Let’s play game. Think of one number from 1 to 31 then see which table below has the number you think of.

16 | 17 | 18 | 19 | 8 | 9 | 10 | 11 | 2 | 3 | 6 | 7 | 1 | 3 | 5 | 7 | |||

20 | 21 | 22 | 23 | 12 | 13 | 14 | 15 | 10 | 11 | 14 | 15 | 9 | 11 | 13 | 15 | |||

24 | 25 | 26 | 27 | 20 | 21 | 22 | 23 | 18 | 19 | 22 | 23 | 17 | 19 | 21 | 23 | |||

28 | 29 | 30 | 31 | 28 | 29 | 30 | 31 | 26 | 27 | 30 | 31 | 25 | 27 | 29 | 31 |

The most left hand side table is table 1 and have weight 16. Next table 2 and have weight 8. Next table 3 and have weight 2. And the last, table 4 and have weight 1. For example, if you see you number at table 1 and 3, your number equals to weight at table 1 (1) + weight at table 3 (8) which is 9. Pretty simple isn’t it!! 😀

It’s not magic and we are using binary number to make it possible.
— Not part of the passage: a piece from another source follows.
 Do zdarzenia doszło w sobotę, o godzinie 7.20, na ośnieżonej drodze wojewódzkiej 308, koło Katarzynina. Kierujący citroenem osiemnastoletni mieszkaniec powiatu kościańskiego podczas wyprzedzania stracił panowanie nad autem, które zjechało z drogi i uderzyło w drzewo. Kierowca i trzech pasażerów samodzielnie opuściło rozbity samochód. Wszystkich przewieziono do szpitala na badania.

In this example, we use 4 bit binary number. Table 4 which is the least significant number correspond to the weight 1 (2^{0}), table 3 correspond to 2 (2^{1}), table 2 correspond to 8 (2^{3}), and the last is table 1 which is the most significant number correspond to the weight 16 (2^{4}). In this example, we are not using numbers which have 1 bit on the 3^{rd} bit which correspond to 2^{2}.

For example, if your guessed number is at table 1 and 3, those tables corresponds to weight 2^{1} and 2^{4}. It means that those number in binary have 1 at the 2^{nd} and the 4^{th} bit, the rest are 0. So, your guessed number will be in the binary: 10010. If we want to make it to decimal, we have to multiply each binary digit with it’s corresponding weight. The decimal number will be 1*2^{4} + 0*2^{3 }+ 0*2^{2} + 1*2^{1 }+ 0*2^{0} = 17. So, your guessed number must be 17.

We are very lucky that we know binary number so we can put the number in 2-Dimensional table which looks very simple to play this game. If we only know decimal number, we must put one digit in decimal number to one 10-Dimensionl table which is impossible to see without help of computer. Let’s say if you want to play guessing number with 4 digit decimal number with help of decimal number, you must use four 10D tables which is super confusing.

I’m so amazed that this simple theory about binary number, with a little modification, can be applicable to make this “magic” game. Have fun!